# Can anyone guess her breed?



## steph89 (Mar 30, 2015)

This is our pound dog, we are not sure what breeds shes mixed with but the shelter says she is pointer X. Does anyone recognise other breeds in her?

Thanks


----------



## steph89 (Mar 30, 2015)

here are some more pictures


----------



## Deb Gray (Jan 9, 2015)

I search it on google and I think it is similar to german shorthaired dogs but I'm not sure about it.


----------



## CandyLeopard (Oct 14, 2013)

Her face reminds me of a bully. So I will guess Pointer x Pitbull.
She's very pretty.


----------



## steph89 (Mar 30, 2015)

Oh thank you so much for your response! ^.^ Yes she does look like a german shorthaired, which is strange because she doesn't behave like a sporting dog she likes to sleep


----------



## steph89 (Mar 30, 2015)

Thank you so much for your response  yes her face does look like a pitbull breed. When I first saw her I didn't notice the pitbull features but her ears, eyes and skull does look bully shaped. Hopefully she will put on some more weight. The pound here in New Zealand euthanises pitbull breeds but I guess she got lucky because she is mixed breed  Do you have dogs of your own?


----------



## Whistlejacket (Jul 26, 2012)

The only thing that could make me think GSP would be her colour and ticking... her face looks very pitbull-y to me! Do you have full body shots of her?


----------



## jade5280 (Feb 20, 2013)

What a unique looking dog, very pretty! My guess would be GSPxPitbull or other bully breed.


----------



## Amaryllis (Dec 28, 2011)

Pointers can have very pitty-ish faces. It's possible pit isn't part of the mix. Hunting dogs are very commonly lazy indoors.


----------



## steph89 (Mar 30, 2015)

Here are some body shots, she didn't stand up, she was too busy doing her morning stretches. She's still too skinny but we've only had her for a week. Do pittbulls ever get spots like this?


----------



## steph89 (Mar 30, 2015)

Yeah your right, GSP faces look similar , maybe if her ears were longer her she could pass for a GSP almost


----------



## steph89 (Mar 30, 2015)

Thank you  we never considered getting a pittbull mix so it was abit of a surprise. Your doggies look cute too!! What breed is Ryker? He looks like he's pointing at something in the snow in his picture. Just like a pointer


----------



## taquitos (Oct 18, 2012)

Looking at the body I don't know if she is a Pittie-x.

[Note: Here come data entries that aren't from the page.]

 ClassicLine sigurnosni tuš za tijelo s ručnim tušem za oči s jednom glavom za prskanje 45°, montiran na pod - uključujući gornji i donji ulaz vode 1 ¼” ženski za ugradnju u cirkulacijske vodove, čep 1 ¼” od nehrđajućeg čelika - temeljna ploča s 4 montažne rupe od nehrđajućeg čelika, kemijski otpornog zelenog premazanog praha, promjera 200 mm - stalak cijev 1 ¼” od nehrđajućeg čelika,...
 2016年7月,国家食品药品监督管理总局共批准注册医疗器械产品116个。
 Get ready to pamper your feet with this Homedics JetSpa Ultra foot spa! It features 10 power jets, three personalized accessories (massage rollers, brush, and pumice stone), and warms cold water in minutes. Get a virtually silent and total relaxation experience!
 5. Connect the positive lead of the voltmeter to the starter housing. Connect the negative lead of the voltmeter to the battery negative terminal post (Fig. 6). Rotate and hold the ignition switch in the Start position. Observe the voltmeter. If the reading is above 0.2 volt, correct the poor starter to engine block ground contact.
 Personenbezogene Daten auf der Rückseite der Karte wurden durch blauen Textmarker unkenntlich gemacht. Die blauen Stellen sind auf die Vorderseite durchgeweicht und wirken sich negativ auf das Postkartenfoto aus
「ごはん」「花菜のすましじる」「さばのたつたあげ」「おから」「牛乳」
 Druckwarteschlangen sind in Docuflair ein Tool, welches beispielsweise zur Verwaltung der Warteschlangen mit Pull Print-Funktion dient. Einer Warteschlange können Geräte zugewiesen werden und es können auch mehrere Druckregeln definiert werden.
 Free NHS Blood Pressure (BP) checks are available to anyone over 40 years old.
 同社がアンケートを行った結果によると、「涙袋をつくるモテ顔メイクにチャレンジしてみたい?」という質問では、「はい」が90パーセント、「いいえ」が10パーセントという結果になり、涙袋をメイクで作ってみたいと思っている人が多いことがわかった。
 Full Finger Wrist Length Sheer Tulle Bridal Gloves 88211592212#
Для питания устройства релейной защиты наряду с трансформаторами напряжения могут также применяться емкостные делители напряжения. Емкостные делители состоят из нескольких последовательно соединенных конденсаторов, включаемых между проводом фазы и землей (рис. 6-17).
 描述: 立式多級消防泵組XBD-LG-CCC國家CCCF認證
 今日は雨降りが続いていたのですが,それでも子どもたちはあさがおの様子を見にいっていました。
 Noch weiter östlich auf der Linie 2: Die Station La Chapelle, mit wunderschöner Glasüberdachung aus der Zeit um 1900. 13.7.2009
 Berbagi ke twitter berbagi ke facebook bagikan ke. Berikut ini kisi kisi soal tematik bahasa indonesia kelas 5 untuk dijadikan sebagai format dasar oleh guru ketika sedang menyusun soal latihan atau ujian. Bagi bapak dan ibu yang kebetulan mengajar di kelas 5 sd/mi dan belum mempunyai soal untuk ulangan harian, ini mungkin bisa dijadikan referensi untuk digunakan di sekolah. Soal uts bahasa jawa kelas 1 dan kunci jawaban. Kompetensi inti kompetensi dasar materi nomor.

I would actually say she is looks more like a Pointer x Rat Terrier/JRT (or something similar) mix.

Can you get a shot of her from the side, standing up?

EDIT:

What about a GSP x ACD mix?

Looks awfully similar


----------



## jade5280 (Feb 20, 2013)

steph89 said:


> Thank you  we never considered getting a pittbull mix so it was abit of a surprise. Your doggies look cute too!! What breed is Ryker? He looks like he's pointing at something in the snow in his picture. Just like a pointer


He's a Redbone coonhound, just pretends to be a pointer. I was also going to say maybe there's ACD in your dog like Taquitos mentioned. Body shape reminds me of ACD, but the head is broad. Maybe ACDxGSP?

GSPs can have broad bully looking faces


----------